= Disputed government of South Carolina of 1876–1877 =

Dispute: December 6, 1876 – April 11, 1877
| Claim | Claim |
|---|---|
| Daniel H. Chamberlain | Wade Hampton III |
| Republican | Democratic |
| 91,127 votes | 92,261 votes |
| Claim: Democrats' voter fraud | Claim: Won majority of votes |
| Outcome: Resigned | Outcome: Declared sole governor |

From December 1876 to April 1877, the Republican and Democratic parties in South Carolina each claimed to be the legitimate government. Both parties declared that the other had lost the election and that they controlled the governorship, the state legislature, and most state offices. Each government debated and passed laws, raised militias, collected taxes, and conducted other business as if the other did not exist.

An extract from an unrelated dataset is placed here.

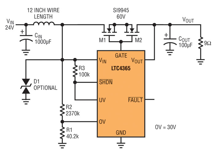 Slike niLTC4365 je edinstvena rešitev, ki elegantno in robustno ščiti občutljiva elektronska vezja pred nepredvidljivo visokimi ali negativnimi napetostmi na napajalnih priključkih. LTC4365 blokira pozitivne napetosti tudi do 60V in negativne napetosti celo do -40V. Le napetosti, ki so v varnem območju delovanja napajanja lahko pridejo do bremena. Edina zunanja aktivna komponenta, ki je potrebna, je dvojni N-kanalni MOSFET priključen med dovodom napajanja in občutljivim bremenom. Slika 1 prikazuje shemo vezja te aplikacije. Uporovni delilnik določa točki za priklop / odklop bremena pri prenapetosti (OV) in prenizki napetosti (UV) od VIN. Če je vhodna napajalna napetost izven tega napetostnega okna, LTC4365 v hipu odklopi breme od vhodnega napajanja. Dvojni N-kanalni MOSFET blokira tako pozitivne kot negativne napetosti na VIN. LTC4365 zagotavlja 8,4V za krmiljenje vrat zunanjega MOSFET-a med normalnim delovanjem. Dovoljen razpon delovanja LTC4365 je od 2,5 V do 34V in OV-UV okno se lahko nastavi kjerkoli v tem območju. Dodatna zaščita na VIN pri večini aplikacij ni potrebna, kar le še poenostavlja načrtovanje tiskanega vezja.

After four months of contested government, Daniel Henry Chamberlain, who claimed the governorship as a Republican, conceded to Democrat Wade Hampton III on April 11, 1877. This came after President Rutherford Hayes withdrew federal troops from the South.

==Background==

Before the Civil War and until the Great Migration in the early twentieth century, African Americans outnumbered whites in South Carolina. According to the official U.S. Census of 1870, there were 705,606 people living in South Carolina, 465,814 (58.9%) of whom were African Americans. Furthermore, the majority of African Americans who voted during the Reconstruction era voted for the Republican Party. In the mid-1870s, the Democratic Party in South Carolina attempted to return the state to its antebellum status by electing former Confederates to political office and preventing African Americans from voting through the Black Codes, literacy tests, poll taxes, and intimidation. The emergence of these white supremacist governments was referred to by white Southerners as the "Redeemer governments" or "saviors of the South." In the late 19th century, Democrats in South Carolina used aggressive tactics to gain political power, including breaking up Republican meetings and intimidating Republican voters. This included the involvement of groups such as the Ku Klux Klan and the Red Shirts, particularly in 1875 and 1876, resulting in a reign of terror against African Americans and Republicans. In response, President Ulysses S. Grant sent federal troops into the state to protect these groups.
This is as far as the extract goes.